There’s also the question of the second generation: the children of immigrants, whatever the skill level of the parents, tend to excel in academic attainment, particularly in the so-called STEM -- science, technology, engineering and mathematics -- fields.
It’s hard to exaggerate the scale of America’s historic edge in science. Four of the top five institutions in the QS ranking of world universities, one of the most prominent indexes of global higher education providers, are American, led by MIT and Stanford. Of the five most valuable technology companies in the world, four are based on the U.S. west coast. Apart from China, which has nurtured the growth of tech giants like AliBaba Group Holding Ltd. and Tencent Holdings Ltd. by largely closing off its markets to outside firms, no country has been able to create tech companies that can compete with the scale and pace of innovation afforded by the U.S. ecosystem.
“Why is the U.S. the world leader today?” asks Jeremy Farrar, director of the Wellcome Trust, which funds global scientific research. “Because it has had, independent of political persuasion, sustained investment in the basic science and translational science base for 100 years.”
That dominance may be more fragile than it appears. A huge proportion of so-called basic research, which has no immediate industrial applications but can lead to transformative discoveries down the road, depends on billions of dollars in annual federal-government funding.
The Trump administration’s initial 2018 budget proposal envisioned a cut of almost $5.8 billion in support for the National Institutes of Health, representing 18 percent of the grant-making agency’s budget. Trump also proposed slashing another $841 million from the budget of the National Science Foundation. Lawmakers have so far rejected deep cuts to science programs in their draft budget legislation.
Global Competition
Yet even before the Trump-era, science funding was failing to keep pace with economic growth. Excluding defense, U.S. federal funding for research and development declined from 0.6 percent of GDP in the 1970s to less than 0.4 percent today, according to the American Association for the Advancement of Science.
The more Trump touts his “America First” rhetoric, the more room international universities have to attract talent that would otherwise head to the U.S.
"The access to talent is important for organizations and countries alike,” said Jonas Prising, chairman and chief executive officer of Manpowergroup Inc. “When you send a message that ‘we will be more selective,’ it can also send a message talent is not welcome.”

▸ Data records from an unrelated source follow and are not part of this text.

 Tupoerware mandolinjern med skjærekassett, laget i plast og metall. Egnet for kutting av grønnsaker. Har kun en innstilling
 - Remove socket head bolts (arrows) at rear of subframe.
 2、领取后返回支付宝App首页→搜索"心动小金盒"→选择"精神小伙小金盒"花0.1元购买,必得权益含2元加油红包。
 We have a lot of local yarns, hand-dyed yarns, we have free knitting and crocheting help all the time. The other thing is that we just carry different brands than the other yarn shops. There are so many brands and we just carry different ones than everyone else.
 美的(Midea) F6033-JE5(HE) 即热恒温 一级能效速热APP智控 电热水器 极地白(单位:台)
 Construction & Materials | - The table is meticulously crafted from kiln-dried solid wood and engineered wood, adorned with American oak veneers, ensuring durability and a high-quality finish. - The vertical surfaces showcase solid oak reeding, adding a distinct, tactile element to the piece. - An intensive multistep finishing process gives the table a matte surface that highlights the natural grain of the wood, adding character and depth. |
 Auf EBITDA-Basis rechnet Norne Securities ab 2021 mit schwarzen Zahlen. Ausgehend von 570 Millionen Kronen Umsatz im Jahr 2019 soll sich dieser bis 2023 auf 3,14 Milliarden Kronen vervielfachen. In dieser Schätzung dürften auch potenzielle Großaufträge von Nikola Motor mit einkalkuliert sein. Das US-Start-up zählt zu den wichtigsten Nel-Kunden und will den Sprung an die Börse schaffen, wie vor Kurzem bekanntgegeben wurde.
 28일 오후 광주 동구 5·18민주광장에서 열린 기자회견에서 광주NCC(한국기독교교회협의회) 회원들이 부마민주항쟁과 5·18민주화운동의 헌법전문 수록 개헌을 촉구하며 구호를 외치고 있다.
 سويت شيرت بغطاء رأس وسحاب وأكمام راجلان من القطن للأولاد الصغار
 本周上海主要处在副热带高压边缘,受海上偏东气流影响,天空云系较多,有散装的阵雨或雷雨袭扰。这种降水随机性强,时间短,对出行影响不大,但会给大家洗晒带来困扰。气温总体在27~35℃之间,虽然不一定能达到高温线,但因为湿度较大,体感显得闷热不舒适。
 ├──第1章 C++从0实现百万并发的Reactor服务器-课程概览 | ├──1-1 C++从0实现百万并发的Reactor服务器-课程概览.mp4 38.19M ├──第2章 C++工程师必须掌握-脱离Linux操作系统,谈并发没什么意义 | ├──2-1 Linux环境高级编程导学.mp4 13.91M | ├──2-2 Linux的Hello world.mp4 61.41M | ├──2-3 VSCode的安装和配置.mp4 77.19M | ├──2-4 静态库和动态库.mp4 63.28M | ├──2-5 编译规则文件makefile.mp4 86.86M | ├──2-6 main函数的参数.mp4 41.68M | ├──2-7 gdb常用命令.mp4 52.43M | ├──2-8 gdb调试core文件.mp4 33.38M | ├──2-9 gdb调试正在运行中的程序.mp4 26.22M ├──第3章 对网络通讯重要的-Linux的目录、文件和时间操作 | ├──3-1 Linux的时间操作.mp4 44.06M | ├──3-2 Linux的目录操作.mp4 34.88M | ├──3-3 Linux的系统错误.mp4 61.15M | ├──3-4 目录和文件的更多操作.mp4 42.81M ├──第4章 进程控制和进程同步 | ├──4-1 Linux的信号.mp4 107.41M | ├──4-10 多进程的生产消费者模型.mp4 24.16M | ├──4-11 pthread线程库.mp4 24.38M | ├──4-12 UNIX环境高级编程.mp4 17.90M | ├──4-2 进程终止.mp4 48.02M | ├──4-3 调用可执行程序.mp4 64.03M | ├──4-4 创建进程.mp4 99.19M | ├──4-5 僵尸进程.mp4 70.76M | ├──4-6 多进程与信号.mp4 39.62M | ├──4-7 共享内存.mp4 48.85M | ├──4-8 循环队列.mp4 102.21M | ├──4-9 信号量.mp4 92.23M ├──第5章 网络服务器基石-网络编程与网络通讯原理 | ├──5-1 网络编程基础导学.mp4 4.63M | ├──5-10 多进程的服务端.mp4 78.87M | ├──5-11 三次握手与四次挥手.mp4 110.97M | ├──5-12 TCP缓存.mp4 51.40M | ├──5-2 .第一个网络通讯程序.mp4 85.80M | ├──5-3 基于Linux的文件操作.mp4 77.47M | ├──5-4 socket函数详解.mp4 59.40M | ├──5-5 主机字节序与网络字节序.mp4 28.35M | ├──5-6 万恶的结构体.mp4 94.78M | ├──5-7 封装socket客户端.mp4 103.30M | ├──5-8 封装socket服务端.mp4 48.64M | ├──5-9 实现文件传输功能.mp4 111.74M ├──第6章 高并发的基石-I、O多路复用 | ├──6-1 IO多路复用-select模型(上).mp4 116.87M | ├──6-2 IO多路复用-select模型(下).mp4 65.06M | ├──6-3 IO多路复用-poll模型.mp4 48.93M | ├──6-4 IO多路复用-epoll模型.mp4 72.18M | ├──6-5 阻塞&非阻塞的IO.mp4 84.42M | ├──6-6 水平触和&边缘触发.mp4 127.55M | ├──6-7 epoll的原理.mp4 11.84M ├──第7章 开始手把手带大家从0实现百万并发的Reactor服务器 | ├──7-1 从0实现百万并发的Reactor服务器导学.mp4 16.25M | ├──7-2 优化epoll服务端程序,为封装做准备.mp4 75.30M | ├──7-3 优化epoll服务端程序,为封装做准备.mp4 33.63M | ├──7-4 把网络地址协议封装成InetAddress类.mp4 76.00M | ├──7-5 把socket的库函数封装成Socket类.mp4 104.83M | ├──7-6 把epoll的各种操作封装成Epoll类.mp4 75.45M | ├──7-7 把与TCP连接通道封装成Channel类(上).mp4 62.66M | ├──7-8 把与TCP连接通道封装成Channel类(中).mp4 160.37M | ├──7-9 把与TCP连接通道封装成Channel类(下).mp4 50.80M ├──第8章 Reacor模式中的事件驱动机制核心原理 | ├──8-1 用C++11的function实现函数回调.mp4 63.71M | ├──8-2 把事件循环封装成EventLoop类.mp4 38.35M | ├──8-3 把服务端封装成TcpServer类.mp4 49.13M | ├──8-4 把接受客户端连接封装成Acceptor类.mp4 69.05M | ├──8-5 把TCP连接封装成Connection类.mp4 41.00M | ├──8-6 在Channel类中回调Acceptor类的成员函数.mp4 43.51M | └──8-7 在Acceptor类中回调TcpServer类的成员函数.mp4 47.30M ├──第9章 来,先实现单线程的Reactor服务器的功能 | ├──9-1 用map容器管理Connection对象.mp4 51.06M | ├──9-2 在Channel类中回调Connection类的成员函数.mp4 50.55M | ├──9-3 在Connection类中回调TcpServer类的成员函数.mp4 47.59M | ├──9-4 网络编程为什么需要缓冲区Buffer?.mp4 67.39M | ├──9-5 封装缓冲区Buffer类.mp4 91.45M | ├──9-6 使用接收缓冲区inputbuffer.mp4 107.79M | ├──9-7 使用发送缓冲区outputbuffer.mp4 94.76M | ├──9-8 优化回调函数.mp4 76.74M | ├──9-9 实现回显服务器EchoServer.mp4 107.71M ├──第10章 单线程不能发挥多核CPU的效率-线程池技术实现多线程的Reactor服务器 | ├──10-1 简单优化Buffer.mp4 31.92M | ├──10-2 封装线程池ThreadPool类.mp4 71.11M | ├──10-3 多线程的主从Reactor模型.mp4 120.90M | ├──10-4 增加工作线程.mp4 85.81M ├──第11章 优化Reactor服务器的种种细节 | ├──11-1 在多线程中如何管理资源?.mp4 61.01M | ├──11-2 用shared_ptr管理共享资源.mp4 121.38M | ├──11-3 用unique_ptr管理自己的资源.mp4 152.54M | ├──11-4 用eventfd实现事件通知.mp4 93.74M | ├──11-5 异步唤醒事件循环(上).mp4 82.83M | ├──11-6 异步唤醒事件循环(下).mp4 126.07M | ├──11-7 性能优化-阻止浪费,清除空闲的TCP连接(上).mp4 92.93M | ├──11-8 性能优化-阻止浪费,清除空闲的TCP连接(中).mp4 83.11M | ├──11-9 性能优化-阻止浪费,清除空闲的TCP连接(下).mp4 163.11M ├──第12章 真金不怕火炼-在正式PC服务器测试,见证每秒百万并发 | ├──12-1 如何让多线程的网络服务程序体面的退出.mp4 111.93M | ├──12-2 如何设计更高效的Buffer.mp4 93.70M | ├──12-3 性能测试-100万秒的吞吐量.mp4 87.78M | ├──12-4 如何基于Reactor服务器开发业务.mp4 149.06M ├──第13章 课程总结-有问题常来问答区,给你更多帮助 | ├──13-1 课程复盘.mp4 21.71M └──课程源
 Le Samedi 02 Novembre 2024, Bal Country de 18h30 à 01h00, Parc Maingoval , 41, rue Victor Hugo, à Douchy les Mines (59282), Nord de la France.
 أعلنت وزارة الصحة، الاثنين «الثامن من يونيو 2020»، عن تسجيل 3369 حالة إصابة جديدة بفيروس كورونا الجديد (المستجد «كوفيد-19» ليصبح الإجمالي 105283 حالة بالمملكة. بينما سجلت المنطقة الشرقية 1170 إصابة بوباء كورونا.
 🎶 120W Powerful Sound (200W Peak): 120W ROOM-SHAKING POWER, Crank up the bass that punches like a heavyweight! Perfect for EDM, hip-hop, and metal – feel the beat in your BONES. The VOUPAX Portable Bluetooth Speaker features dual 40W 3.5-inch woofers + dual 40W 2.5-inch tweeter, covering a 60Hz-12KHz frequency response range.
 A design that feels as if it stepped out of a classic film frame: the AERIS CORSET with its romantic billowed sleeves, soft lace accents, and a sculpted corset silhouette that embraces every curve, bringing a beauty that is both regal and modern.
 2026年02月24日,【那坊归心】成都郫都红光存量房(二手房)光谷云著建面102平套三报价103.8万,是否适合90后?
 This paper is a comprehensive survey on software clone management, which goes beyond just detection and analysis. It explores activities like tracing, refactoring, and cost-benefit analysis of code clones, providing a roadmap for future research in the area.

Canadian universities, which have received large boosts in funding for AI research from Prime Minister Justin Trudeau’s government, have reported soaring applications since Trump’s election. The number of international students studying in Canada rose 11 percent in the year to November, to 192,000.

China is also making strides, emerging as a far more realistic alternative source of discoveries than it might have been a few years ago. In classic centrally planned style, China’s State Council last year unveiled a plan to create an AI industry worth $150 billion by 2030. Similar efforts are under way in life sciences and green energy – a burgeoning sector in which the U.S. is lagging Europe and Asia.
Such top-down approaches to innovation will inevitably create inefficiencies as resources are allocated according to dictates other than market forces. But it can’t be denied that a technological awakening is underway in China, said Kai-Fu Lee, a former head of Google’s operations in the world’s second-largest economy.
Between a rapidly advancing China and would-be rivals like India, to say nothing of smaller technology hubs like Israel and Singapore, aspiring innovators have more options than ever before. It’s a reality that weighs heavily on the mind of the people trying to keep the U.S. as the destination of choice for the world’s cleverest people.
“For so many years, U.S. higher education was the envy of the world. Everybody wanted to come. And to give up that competitive position, that comparative advantage, would be tragic for the country,” Peter Salovey, the president of Yale University, said in an interview in Davos. “It would be so far from the national interest.”